CHP Genel Başkanı Kılıçdaroğlu Açıklaması
CHP Genel Başkanı Kemal Kılıçdaroğlu, "Televizyona çıkıyorlar, şunu söylüyorlar: 'Kılıçdaroğlu doğruları söylemiyor.
CHP Genel Başkanı Kemal Kılıçdaroğlu, "Televizyona çıkıyorlar, şunu söylüyorlar: 'Kılıçdaroğlu doğruları söylemiyor.' Miting meydanlarına bakıyoruz mitingin tek konusu var Kemal Kılıçdaroğlu. Ben olmasam miting bile yapamayacaklar." dedi.
Kılıçdaroğlu, Bursa'nın Osmangazi, Yıldırım, Nilüfer, Kestel ve Gürsu ilçelerinin muhtarları, azaları ve sivil toplum kuruluşlarının temsilcileriyle bir düğün salonunda buluştu.
Kemal Kılıçdaroğlu, burada yaptığı konuşmada, 16 Nisan'da ülke tarihinin en önemli halk oylamalarından birinin yapılacağını belirtti.
"Demokratik bir parlamenter sistem mi istiyoruz, yoksa tek adam rejimi mi istiyoruz? Bunun oylaması yapılacak." ifadesini kullanan Kılıçdaroğlu, şöyle devam etti:
"Oylama öyle bir noktaya geldi ki bir taraftan bizler neden 'Hayır' denmesi gerektiğini anlatırken, öbür taraftan devasa bir makine devletin tepesinden en aşağısına kadar yekvücut halinde bir karalama kampanyası başlattılar. Ben onların hiçbir iddialarına, eleştirilerine bu süre içinde cevap vermedim ve gereksiz buldum. Çünkü benim için önemli olan doğruları kendi milletime, halkıma anlatmak. Bunun için yola çıktım, bunun için buraya geldim. Sizlerle gerçekleri paylaşmak için."
Gazi Mustafa Kemal Atatürk'ün Amasya genelgesinde "Milletin istiklalini milletin azmi ve kararlılığı kurtaracaktır." cümlesinin yer aldığını vurgulayan Kılıçdaroğlu, "Amasya tamimine kadar millet sözcüğünün siyasi bir metne girişi pek olmamıştır. En kararlı ve en saygın söylem Amasya tamimindedir." diye konuştu.
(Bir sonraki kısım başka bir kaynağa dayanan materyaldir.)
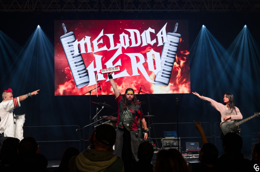 Ils sont quatre. Ils manient les étincelles, les cordes et les baguettes à la perfection et ont réussi à se faire un nom depuis 2019 dans le sud de la France. La réputation des Pixel Syndrome n’est plus à faire. Lorsqu’ils ont été contactés par la Game’In Reims, victime d’une cyber-attaque commanditée par le diabolique Jack, ils n’ont pas hésité une seule seconde à quitter leur repère et franchir le nord de la France. Soutenue par une foule composée de metalleux, cosplayers et curieux, la compagnie qui passe son temps à voguer entre pixels et décibels (clin d’œil à la chanson Gamers jusqu’à la moelle) n’avait à peine foulé la scène pop culture qu’elle subissait en début de set, un piratage électrique. Ceci était sûrement un piège de Jack le Metalleux Geek, prêt à user de n’importe quel subterfuge pour détruire le monde. Malheureusement pour lui, Pixel Syndrome pouvait compter sur une communauté solidaire prête à participer à un défi pour maintenir une ambiance et une connexion convenable pour le contrer. Dans cette partie d’échec, le groupe possédait une même une pièce maîtresse : le Nokia 3310.

"Ankara'da Meclis açılırken tek adam yoktu"
CHP Genel Başkanı Kılıçdaroğlu, Osmanlı'da herkesin padişahın kölesi, bireyi, vatandaşı olduğunu anımsatarak, şunları söyledi:
"Ama Amasya tamimiyle ilk kez millet ve vatandaşlık kavramı öne çıkmıştır. Erzurum Kongresi aynı anlayışla yapılmıştır. Sivas Kongresi aynı anlayışla yapılmıştır. Ne Erzurum, Ne Sivas kongrelerinde, ne de 23 Nisan 1920'de Ankara'da Meclis açılırken tek adam yoktu. Bunu CHP'nin genel başkanı olarak ifade ediyorum, tek adam yoktur. Ama benim söylemimden çok daha önemlisi rahmetli Celal Bayar'ın kızıdır. Nilüfer Gürsoy. Celal Bayar'ın kızı, verdiği ilanda aynen şunları söylüyor; 'Atatürk tek adamlığı aklından geçirmemişti.' Yine Nilüfer Hanım şunu söylüyor: 'Getirilmek istenen değişiklik Cumhuriyetimizin ve demokrasimizin temel değerlerini sarsıyor.' Kim söylüyor? Demokrat Parti mutfağından gelen, bütün hayatı o çabanın içinde geçen rahmetli Bayar'ın kızı söylüyor. Sözlerini şöyle bağlıyor: 'Yüksek sesle Hayır çıkmasını ümit ediyoruz' diyor. Çünkü demokrasiyi kolay kurmadık. Demokrasi bedeller ödenerek inşa edildi bizim ülkemizde. Önümüzdeki süreçte sandığa gittiğiniz zaman bunları düşünmenizi isterim. Neden bir demokratik bir sistemden vazgeçiyoruz? Neden parlamenter sistemden vazgeçiyoruz? ve hangi gerekçeyle vazgeçiyoruz? Bir Allah'ın kulu çıkıp bize makul bir gerekçe söylesin. 'Şu gerekçeyle biz rejimi değiştiriyoruz' diye."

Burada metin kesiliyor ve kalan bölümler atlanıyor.